Estaría tratando de ser astronauta.

¿Cuál sería su retiro ideal?
Si me retiro me muero, porque no entiendo qué es eso. Lo que hago no lo veo como trabajo. No siento como que estoy trabajando, para mí es como que todavía estoy jugando. En algún momento sí me imagino viviendo en una casita en Liberia, sembrar arbolitos y hacer algún proyecto con algún ecosistema en mi casa, pero no considero que voy a retirarme.

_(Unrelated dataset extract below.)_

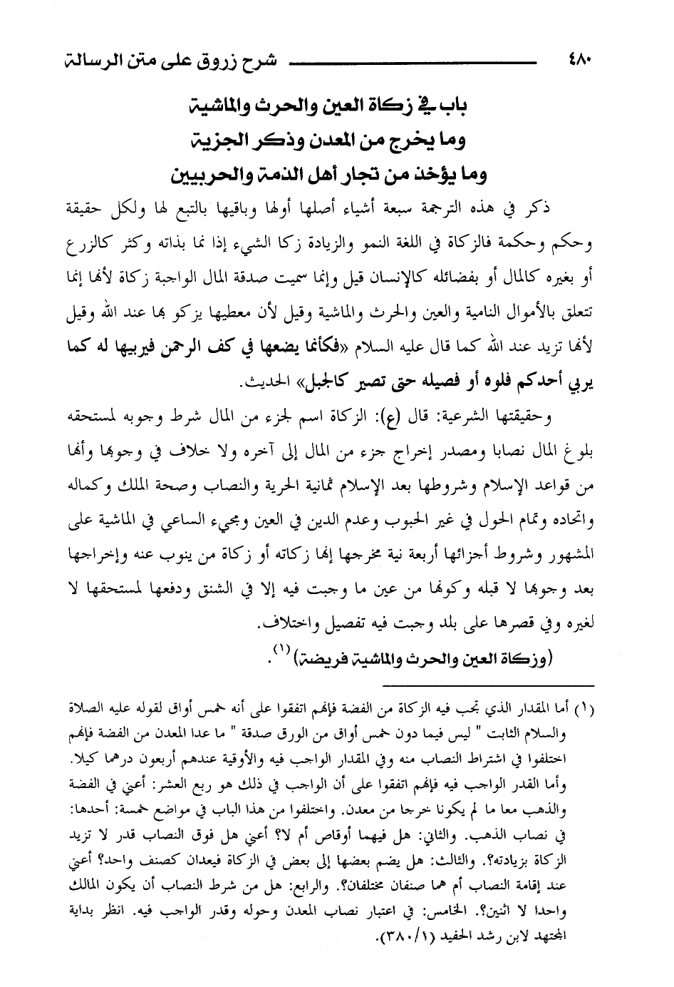 باب في زكاة العين والحرث والماشية وما يخرج من المعدن وذكر الجزية وما يؤخذ من تجار أهل الذمة والحربيين

¿Es cierto que no era tan buen estudiante?
No era buen estudiante, era mediocre, no era ni el mejor ni el peor, casi todos los años desde el 7° hasta el 9° reprobé una materia. Ya en 10° y 11° fue que me destaqué como estudiante, siempre me costó Estudios Sociales, Español y Matemática, tenía cierta adversión al método de estudio tradicional.

¿A qué se debió el cambio los últimos dos años?
Mi papá siempre fue mi héroe, yo le obedecía ciegamente. Al final de los años, me enderezó de una forma muy especial. Me metieron a trabajar en la carretera Villa Colón-Puriscal con los peones y vivir ahí todo el verano cuando todos los muchachos estaban disfrutando de las vacaciones yo tenía que trabajar. Él quería que me diera cuenta lo importante que era el estudio, tenía 16 años, ya el último año estaba bien alineado.

¿Aplica esa misma disciplina con sus hijas?
Lo aplico no solamente con mis hijas, sino también con mis empleados, porque son personas muy jóvenes.